_Work required_: Only the lines below from the one that holds "Светодиодная лента LEDS" through the one that holds "به کار گیرند." should appear in the answer, copied exactly, end lines included and pictures omitted.

_Dataset content_:
Content starts

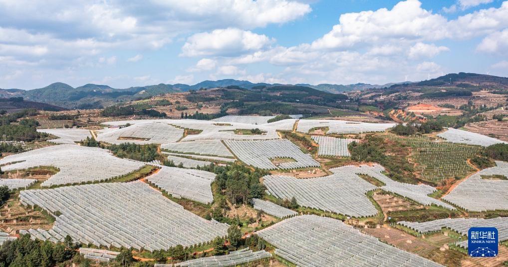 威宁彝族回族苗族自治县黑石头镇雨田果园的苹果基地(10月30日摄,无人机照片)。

Content ends
Content starts

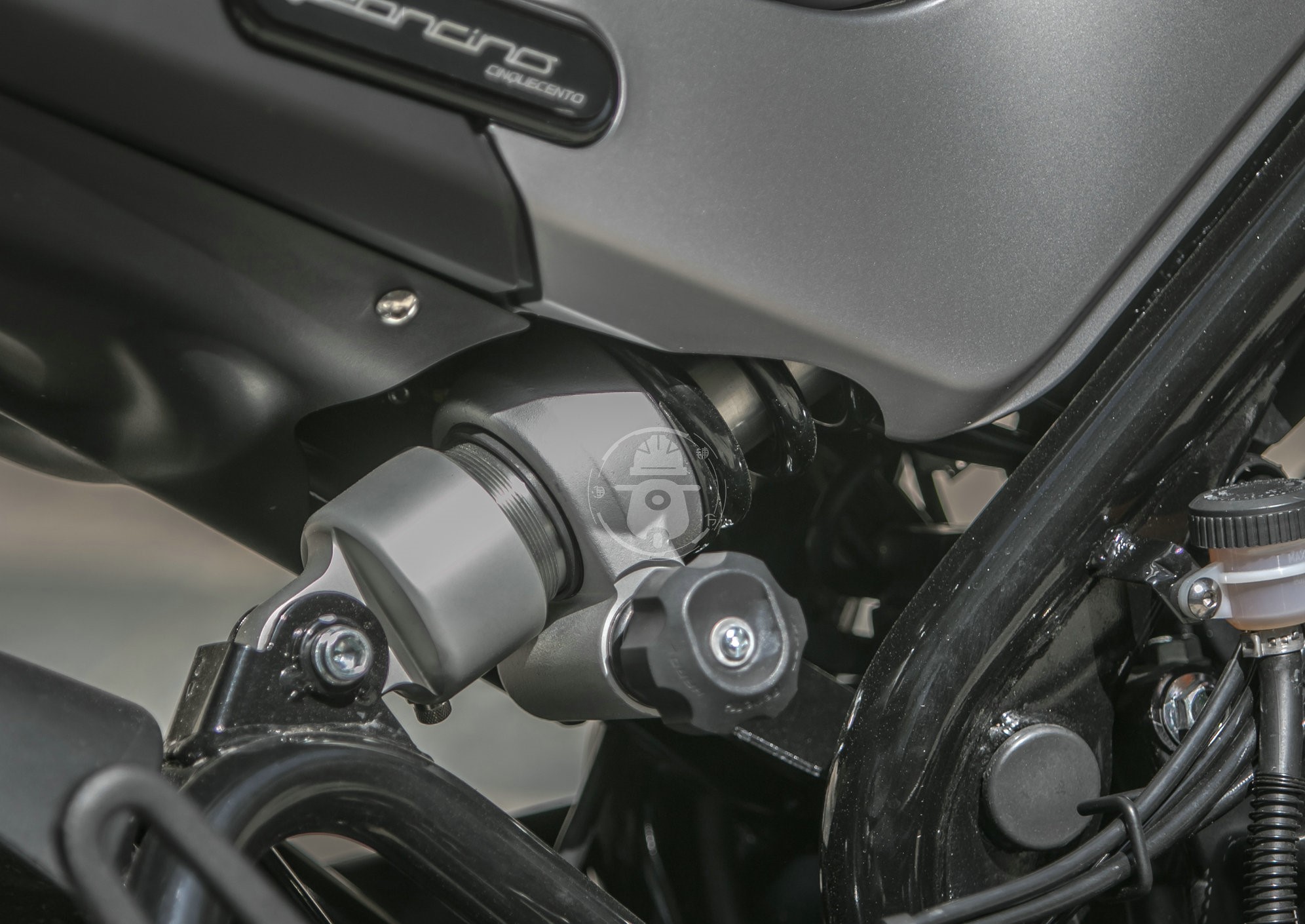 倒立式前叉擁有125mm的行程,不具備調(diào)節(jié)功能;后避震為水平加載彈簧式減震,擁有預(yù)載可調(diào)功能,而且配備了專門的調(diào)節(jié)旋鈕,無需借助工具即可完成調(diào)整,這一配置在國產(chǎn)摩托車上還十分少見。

Content ends
Content starts

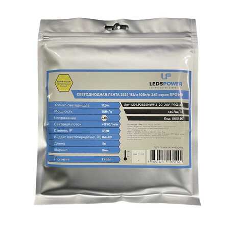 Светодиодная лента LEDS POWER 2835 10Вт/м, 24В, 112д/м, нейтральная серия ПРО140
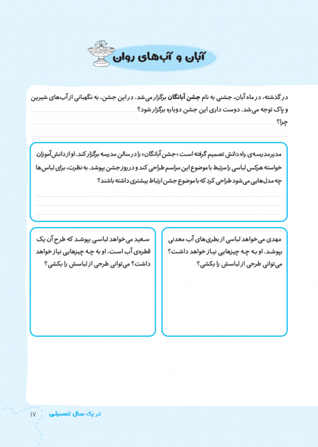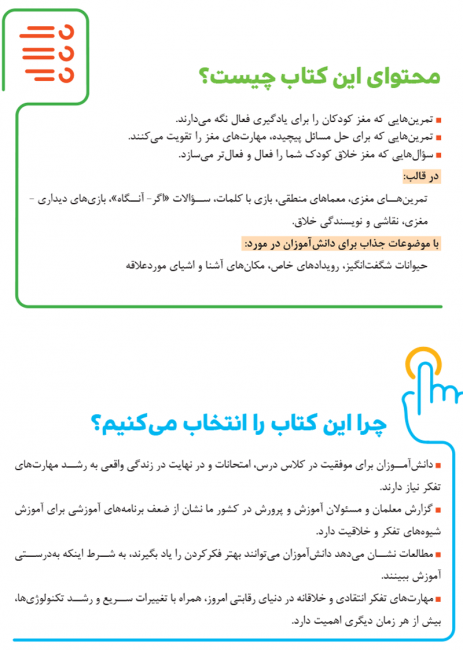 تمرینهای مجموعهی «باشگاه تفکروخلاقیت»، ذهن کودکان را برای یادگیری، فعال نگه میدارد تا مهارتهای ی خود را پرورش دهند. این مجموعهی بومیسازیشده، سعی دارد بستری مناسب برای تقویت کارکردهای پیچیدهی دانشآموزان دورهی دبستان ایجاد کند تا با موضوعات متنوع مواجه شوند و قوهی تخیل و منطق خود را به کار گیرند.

Content ends

_Written answer_:
 Светодиодная лента LEDS POWER 2835 10Вт/м, 24В, 112д/м, нейтральная серия ПРО140
 تمرینهای مجموعهی «باشگاه تفکروخلاقیت»، ذهن کودکان را برای یادگیری، فعال نگه میدارد تا مهارتهای ی خود را پرورش دهند. این مجموعهی بومیسازیشده، سعی دارد بستری مناسب برای تقویت کارکردهای پیچیدهی دانشآموزان دورهی دبستان ایجاد کند تا با موضوعات متنوع مواجه شوند و قوهی تخیل و منطق خود را به کار گیرند.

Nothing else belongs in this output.